▸ **SUPPLIED MATERIAL**

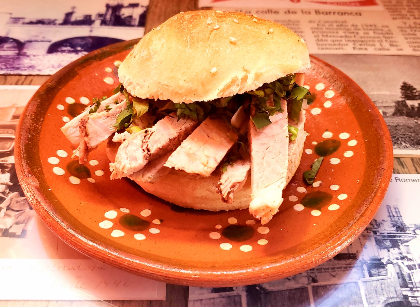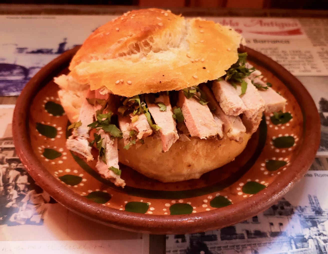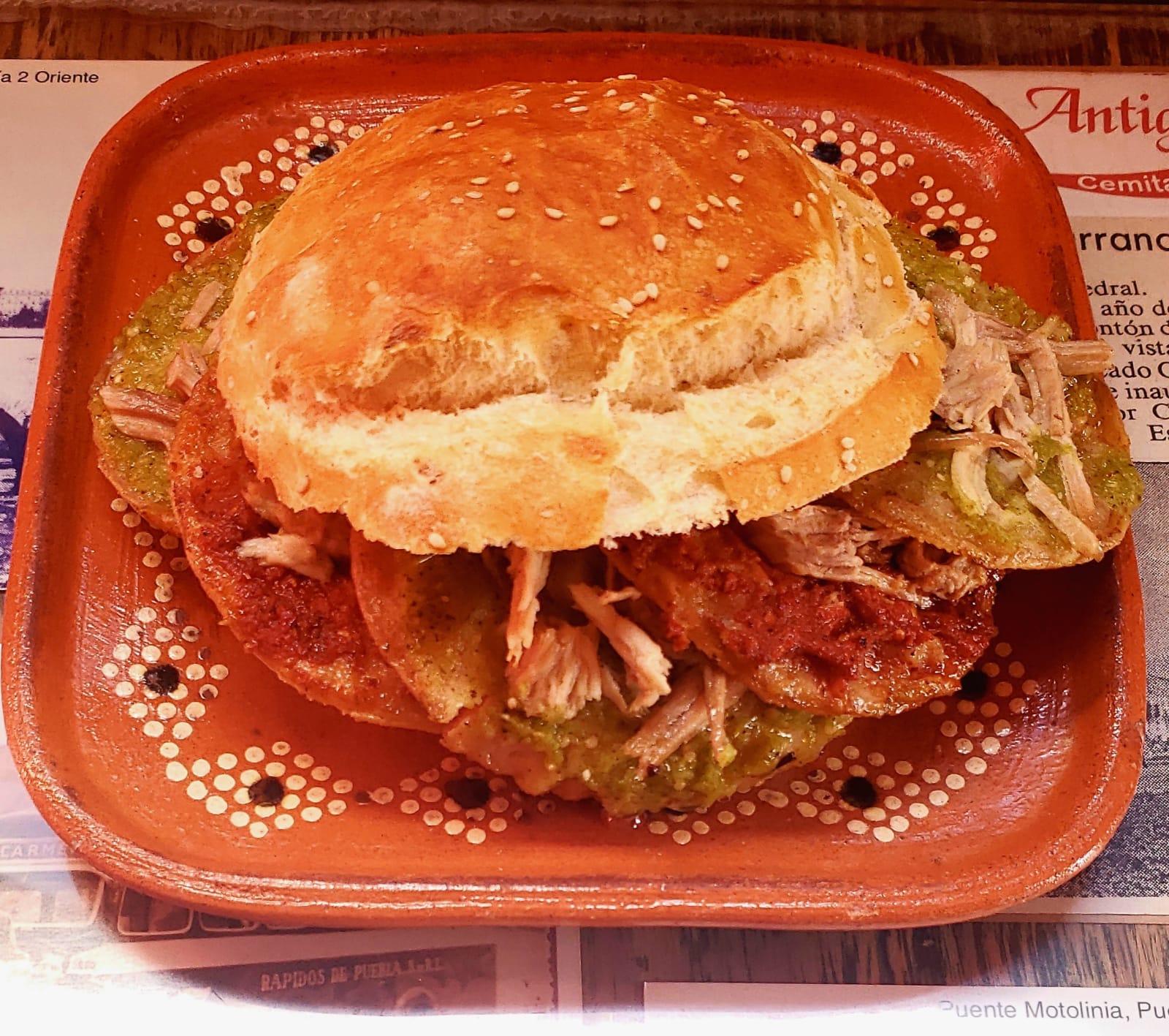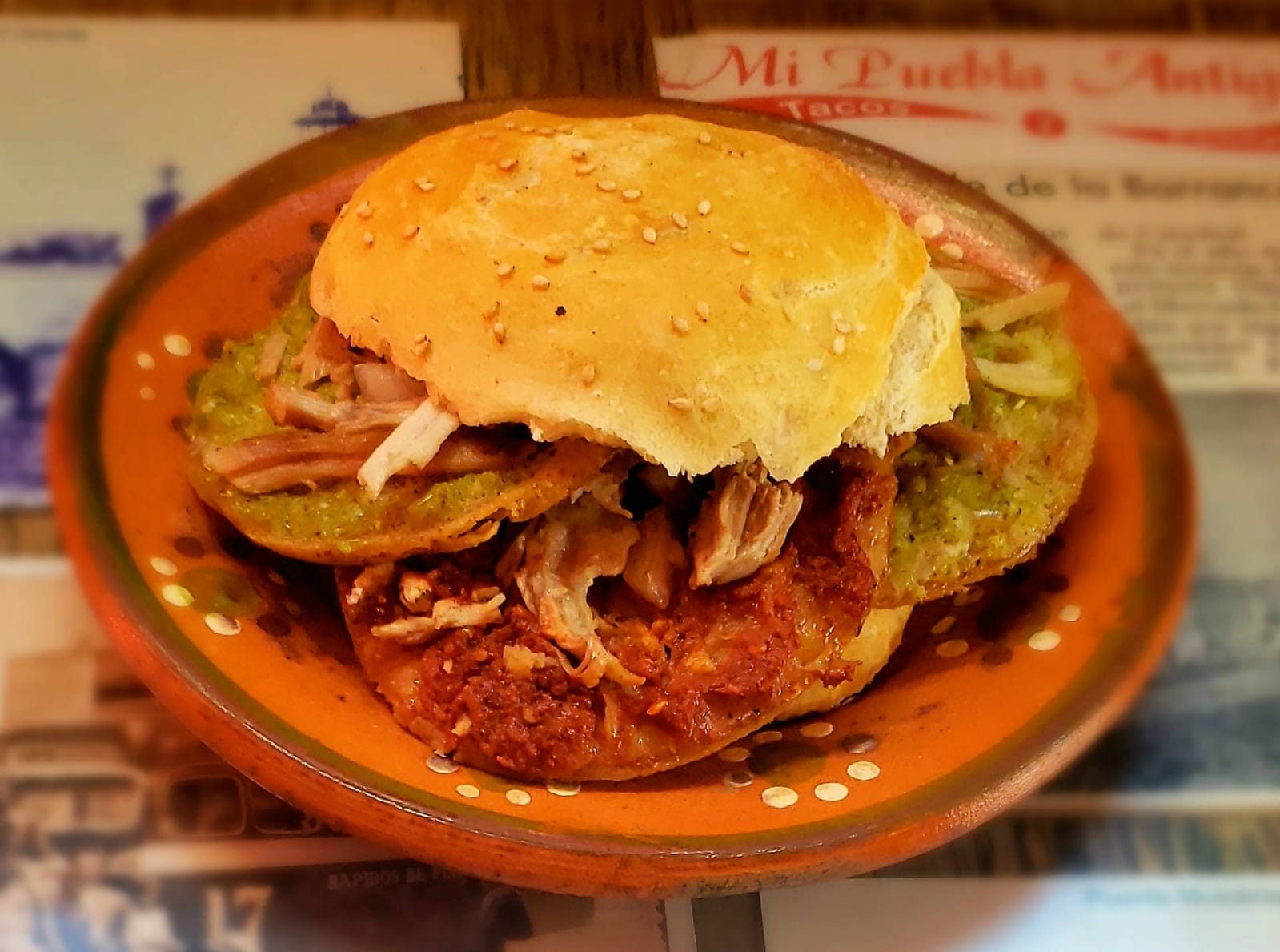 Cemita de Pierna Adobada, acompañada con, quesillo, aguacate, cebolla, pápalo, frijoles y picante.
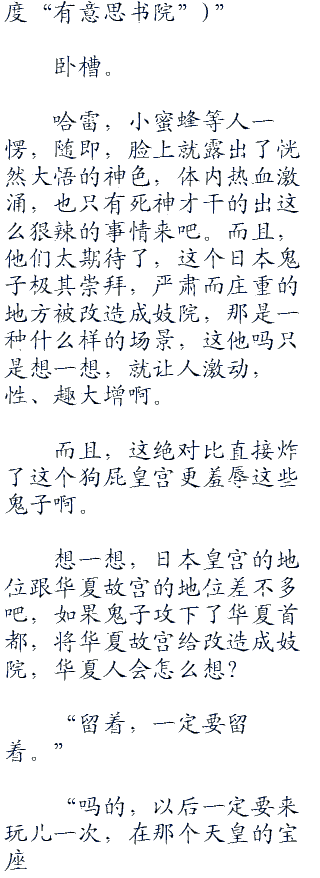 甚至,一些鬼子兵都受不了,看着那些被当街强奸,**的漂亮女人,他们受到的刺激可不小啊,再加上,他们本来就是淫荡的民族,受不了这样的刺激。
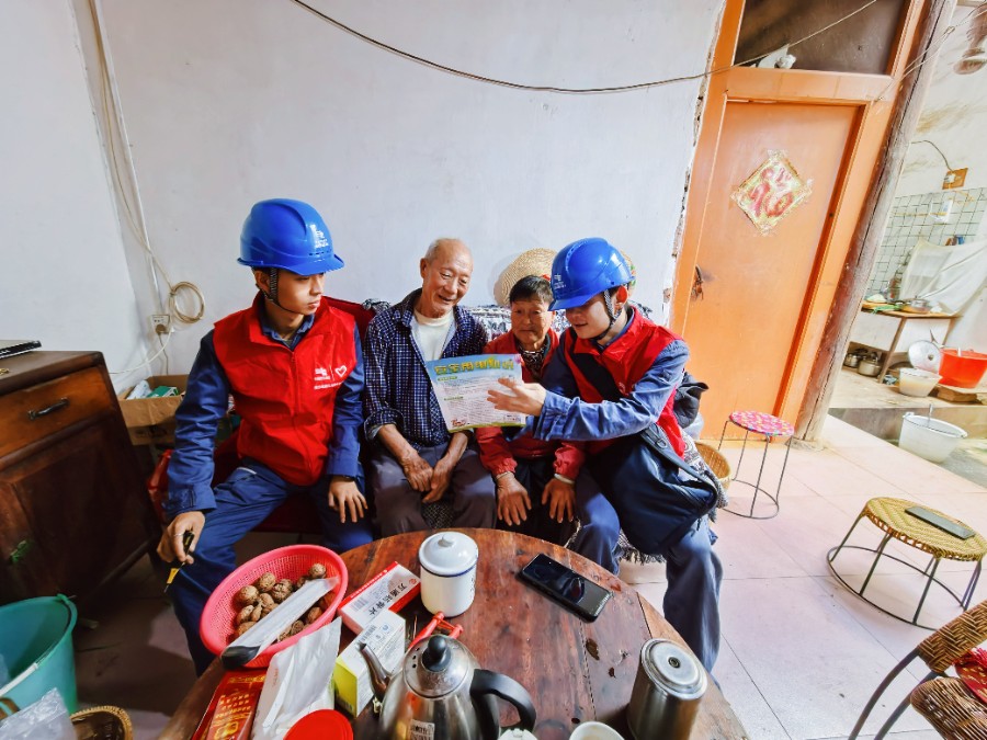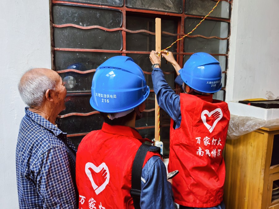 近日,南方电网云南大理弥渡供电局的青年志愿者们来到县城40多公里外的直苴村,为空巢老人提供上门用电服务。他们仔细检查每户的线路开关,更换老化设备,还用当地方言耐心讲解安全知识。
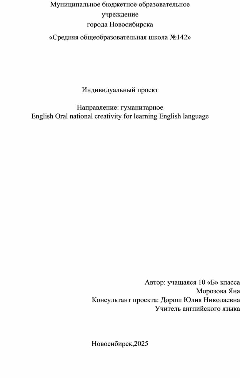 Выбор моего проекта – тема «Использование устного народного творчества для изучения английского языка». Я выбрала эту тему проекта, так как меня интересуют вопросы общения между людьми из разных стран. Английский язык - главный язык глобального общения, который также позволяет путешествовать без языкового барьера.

▸ **DIRECTIONS FOR THIS TASK**
Leave the pictures out and print the whole listing precisely.

▸ **TASK ANSWER**
 Cemita de Pierna Adobada, acompañada con, quesillo, aguacate, cebolla, pápalo, frijoles y picante.
 甚至,一些鬼子兵都受不了,看着那些被当街强奸,**的漂亮女人,他们受到的刺激可不小啊,再加上,他们本来就是淫荡的民族,受不了这样的刺激。
 近日,南方电网云南大理弥渡供电局的青年志愿者们来到县城40多公里外的直苴村,为空巢老人提供上门用电服务。他们仔细检查每户的线路开关,更换老化设备,还用当地方言耐心讲解安全知识。
 Выбор моего проекта – тема «Использование устного народного творчества для изучения английского языка». Я выбрала эту тему проекта, так как меня интересуют вопросы общения между людьми из разных стран. Английский язык - главный язык глобального общения, который также позволяет путешествовать без языкового барьера.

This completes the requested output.